Antlr4 parser ignoring lexer rules and generating implicit tokens

224 Views Asked by At

As a simple example, let's say I have the following.

parse_rule0 : parse_rule1 ',' parse_rule2 ';' ;

pare_rule1 : ... ;

parse_rule2: ... ;

PUNCTUATION : ',' | '.'| ';' | ':' ;

When Antlr4 (specifically the antlr4 vscode exentions) goes to generate tokens, it ignores my punctuation rule (just an example) and creates an implicit token, T_1 , for example. I can't seem to find any resources online for looking for a specific token out of a more general lexical rule. It seems senseless to create a lexical rule for every possible literal you might want to look for while parsing.
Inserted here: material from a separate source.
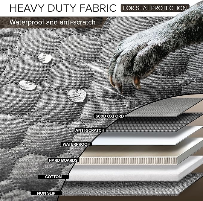 - HEAVY DUTY DOG CAR BED TO ALL-ROUND PROTECTION - The waterproof back seat cover made of 6-layer fabrics, including strong 600D Oxford, dog car seat cover hard bottom and special fabric for scratch-resistant, safeguarding car seats from wear, water and stains. Backseat cover for dogs in car with extra higher door protector avoid doors from scratches and damage. Let dogs hop in and out the dog hammock bed with joy, while car seat covers for dogs takes care of preserving your car perfectly
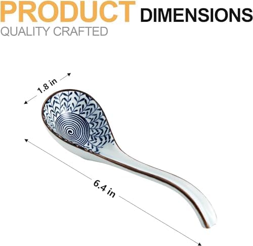 - 【Nice Pattern Design】6.4"L x 1.8"W. Asian Soup spoons with 4 unique and lovely patterns, which is perfectly integrate the blue and white porcelain, elegant and beautiful. Under glaze technology, just feels better than using plastic,Stainless Steel.

I've searched high and low for a solution to this problem. If I want to parse for a specific character that's defined in a lexical rule, how do I prevent Antlr from just generating an implicit token, and actually read my lexical rules?

1

There are 1 best solutions below

0
Ivan Kochurkin On BEST ANSWER

Explicit use of token

parse_rule0 : parse_rule1 PUNCTUATION parse_rule2 PUNCTUATION ;

pare_rule1 : ... ;

parse_rule2: ... ;

PUNCTUATION : ',' | '.'| ';' | ':' ;

Lexical rule for every literal

parse_rule0 : parse_rule1 ',' parse_rule2 ';' ;

pare_rule1 : ... ;

parse_rule2: ... ;

COMMA: ',';
DOT: '.';
SEMI: ';';
COLON: ':';

Unfortunately, ANTLR can't match literals with complex lexer rules that include even only alternatives.